Tlp has some basic support for generics. By default, structs and functions have to use concrete types, and unkonwn types will be rejected. In order to make a type/function generic, prefix the definition with a with block.

Note: Functions aren't type checked until a concrete instance is created. Track the issue here.

with T
struct pair
  T T
end

with T
fn consumes_t T do
  // ...
end

Generic structs are created in the same way as a normal struct with cast(<name>).

with T
struct foo
  T
end

// creates foo<int>
1 cast(foo) 

Generic functions cannot be called directly and require a with-do block to turn the generic type into a concrete type.

with T
fn generic_put T do
    cast(int) putu
end 

1 with int do generic_put
true with bool do generic_put
3 cast(ptr) with ptr do generic_put
// This wouldn't compile
// "Hello World\n" with Str do generic_put

You can put generic types in signatures. To specify a generic struct to a type, then you need to use a with -> block.

with T
struct Foo
  T
end 

with T
fn takes_foo
  with T -> foo 
do
  // ...
end

Structs/Functions can take generic function pointers.

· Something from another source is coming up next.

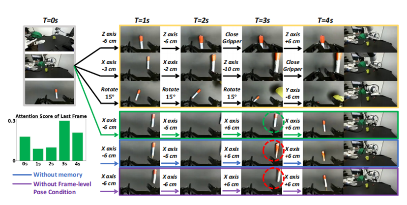 注:上图展示的是Ctrl-World的可控性及其消融实验。不同的动作序列可以在Ctrl-World中以厘米级的精度产生不同的展开结果。移除记忆会导致预测模糊(蓝色),而移除帧级姿势条件会降低控制精度(紫色)。注意力可视化(左侧)在预测(t=4)秒帧时,对具有相同姿势的(t=0)秒帧显示出强烈的注意力,说明了记忆检索的有效性。为了清晰起见,每个动作块都用自然语言表达(例如,“Z轴-6厘米”)。由于空间限制,仅可视化了中间帧的腕部视角。

The type is declased with another with block.

with T
struct foo
  with T &fn T -> int T end
end

with A B
fn foo 
  with A B &fn A -> B end
  with B &fn B end

Constant Expression

Tulip supports a very limited number of operations as constant expressions.

const <name> <expr> end

Reserving Memory

You can reserve fixed amounts of memory (such as for an array) with reserve blocks.

reserve <name> <int> end

Types

There are only four types in Tulip by default: int, bool, ptr, and Str.

Including From Multiple Files

You can include other files with use statements. Paths can be absolute or relative to the tulip.py compiler.

use "std.tlp"